We wonder how that is possible and in what situations that could happen?


br, Ossi

Re: lost data with 1 failed datanode and replication factor 3 in 6 node cluster

Posted by Uma Maheswara Rao G 72686 <ma...@huawei.com>.

----- Original Message -----
From: Ossi <lo...@gmail.com>
Date: Friday, October 21, 2011 2:57 pm
Subject: lost data with 1 failed datanode and replication factor 3 in 6 node cluster
To: common-user@hadoop.apache.org

> hi,
> 
> We managed to lost data when 1 datanode broke down in a cluster of 6
> datanodes with
> replication factor 3.
> 
> As far as I know, that shouldn't happen, since each blocks should 
> have 1
> copy in
> 3 different hosts. So, loosing even 2 nodes should be fine.
> 
> Earlier we did some tests with replication factor 2, but reverted 
> from that:
>   88  2011-10-12 06:46:49 hadoop dfs -setrep -w 2 -R /
>  148  2011-10-12 10:22:09 hadoop dfs -setrep -w 3 -R /
> 
> The lost data was generated after replication factor was set back 
> to 3.
First of all the question is how are you measuring the dataloss?
Any read failure with block missing exceptions?
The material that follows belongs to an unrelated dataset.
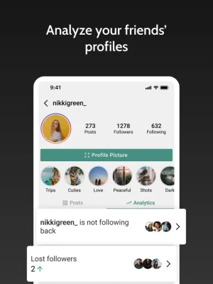 Followmeter is an Instagram followers & unfollowers tracker app. It gives you personalized follower analytics. You can also analyze your friends’ profiles with Reports. Don’t miss the following features:

My guess is that, you are measuring the dataloss by dfsused space. If i am correct, the dfsused space will be calculated by complete data available DNs. 
So, when one datanode goes down, then dfs used and ramainig also will reduce relatively. This can not be taken as data loss.
Please correct me, if my understanding is wrong with the question.
> And even if replication factor would have been 2, data shouldn't 
> have been
> lost, right?
> 
> We wonder how that is possible and in what situations that could 
> happen?
> 
> br, Ossi
> 
Regards,
Uma

Re: lost data with 1 failed datanode and replication factor 3 in 6 node cluster

Posted by Ossi <lo...@gmail.com>.

On Fri, Oct 21, 2011 at 3:04 PM, modemide <mo...@gmail.com> wrote:

> Hi Ossi,
>
> I'm not sure about how experienced you are with hadoop.  I'm still
> learning myself.  But here's my guess as to what happened.  I
> apologize in advance if this is below your current knowledge of
> Hadoop.
>

Hi and thanks for the reply (first one for my 3 posts)! :)
Neither am I sure about my experience and I'm learning too (like most of us,
I'd assume).


>
> There are a couple of pieces which I know of that determine file
> replication in your situation.  One is your manually setting
> replication factor, the other is the config on the client from which
> you uploaded the data from.
>

So far we have used only data either generated by benchmark suites or
or our own data which has been copied manually to hdfs (with hadoop -put...
etc).
The lost data was generated by Terasort benchmark suite. And probably
all data has been generated or copied from namenode server (no datanodes
running).

Anyway since all lost data was generated by Terasort output I did some
searching
and found out that it is meant to be so:
"The output of the reduce has replication set to 1, instead of the default
3, because the contest does not require the output data be replicated on to
multiple nodes."
http://hadoop.apache.org/common/docs/r0.20.1/api/org/apache/hadoop/examples/terasort/package-summary.html


Assuming your namenode didn't complain about missing blocks on its web
> control panel, you may have had your client set to a replication
> factor of 1.  If this was the case, the file that was uploaded (from
> the client) to HDFS will have a replication factor of one.
>
> A couple of ways to confirm/disprove this theory:
> 1) Go to the name node control panel (http://<NAMENODE>:50070 by default).
>    Browse the file system
>    Navigate to a file that was created after setting the replication
> factor on the cluster
>    The 4th column from the left is a field called replication.  That
> should tell you what the replication factor is for any particular
> file.
>

So far we have mostly used command line tools to work with hadoop. I assume
that
hadoop fsck / -files -locations -blocks gives quite same results?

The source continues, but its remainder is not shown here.